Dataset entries
[Start of Attachment]
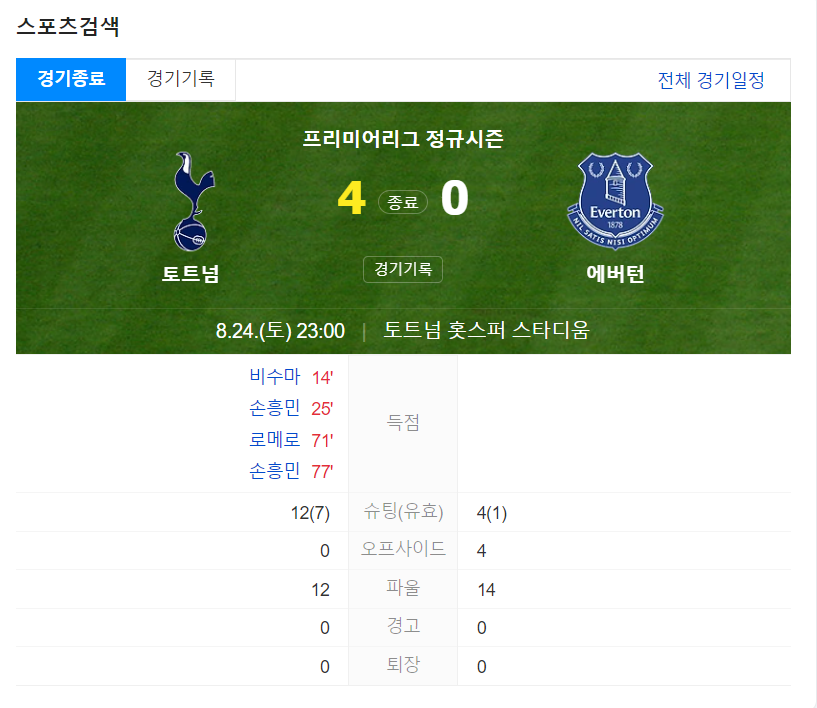 오늘 손흥민 선수가 소속되어 있는 토트넘 홋스퍼와 에버턴의 경기를 보셨나요? 전반 25분과 후반 77분에 손흥민 선수가 멋진 2골을 만들어 내 4대 0의 대승을 거두었습니다.
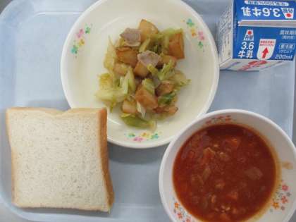 食パン 牛乳 ポークビーンズ ポテトと野菜のソテー です。
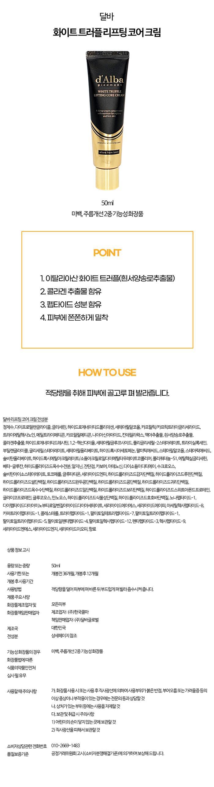 달바 화이트 트러플 리프팅 코어 크림 50ml
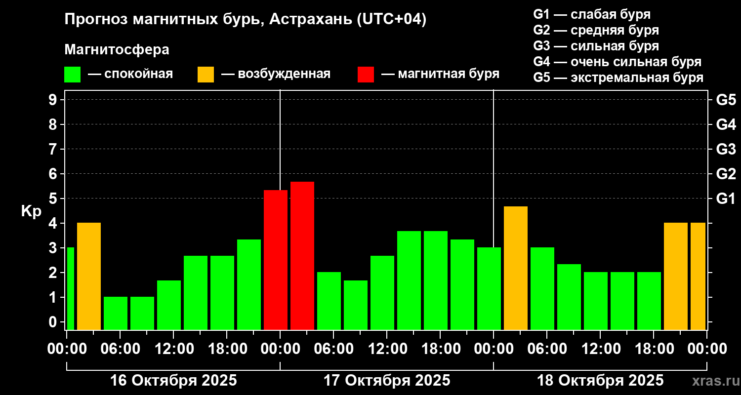 Прогноз магнитных бурь Астрахани на 16 октября 2025 года
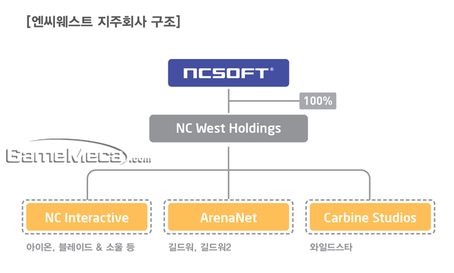 엔씨소프트는 12일 서울에서 이사회를 열고 북미·유럽 조직의 지주회사로 ‘엔씨웨스트 홀딩스’(NC West Holdings)를 12월 24일 설립하기로 결의했다고 밝혔다. 기존 퍼블리싱 총괄 조직인 '엔씨인터렉티브’(NC Interactive, 시애틀)와 '길드워2' 개발 조직인 ‘아레나넷’(ArenaNet, 시애틀)의 주식 전량은 지주회사에 현물 출자되며 엔씨웨스트 홀딩스의 지분 100%는 엔씨소프트가 갖는다.
[End of Attachment]
Work task -
Set every record down verbatim. No pictures belong in the copy.

Answer section -
 오늘 손흥민 선수가 소속되어 있는 토트넘 홋스퍼와 에버턴의 경기를 보셨나요? 전반 25분과 후반 77분에 손흥민 선수가 멋진 2골을 만들어 내 4대 0의 대승을 거두었습니다.
 食パン 牛乳 ポークビーンズ ポテトと野菜のソテー です。
 달바 화이트 트러플 리프팅 코어 크림 50ml
 Прогноз магнитных бурь Астрахани на 16 октября 2025 года
 엔씨소프트는 12일 서울에서 이사회를 열고 북미·유럽 조직의 지주회사로 ‘엔씨웨스트 홀딩스’(NC West Holdings)를 12월 24일 설립하기로 결의했다고 밝혔다. 기존 퍼블리싱 총괄 조직인 '엔씨인터렉티브’(NC Interactive, 시애틀)와 '길드워2' 개발 조직인 ‘아레나넷’(ArenaNet, 시애틀)의 주식 전량은 지주회사에 현물 출자되며 엔씨웨스트 홀딩스의 지분 100%는 엔씨소프트가 갖는다.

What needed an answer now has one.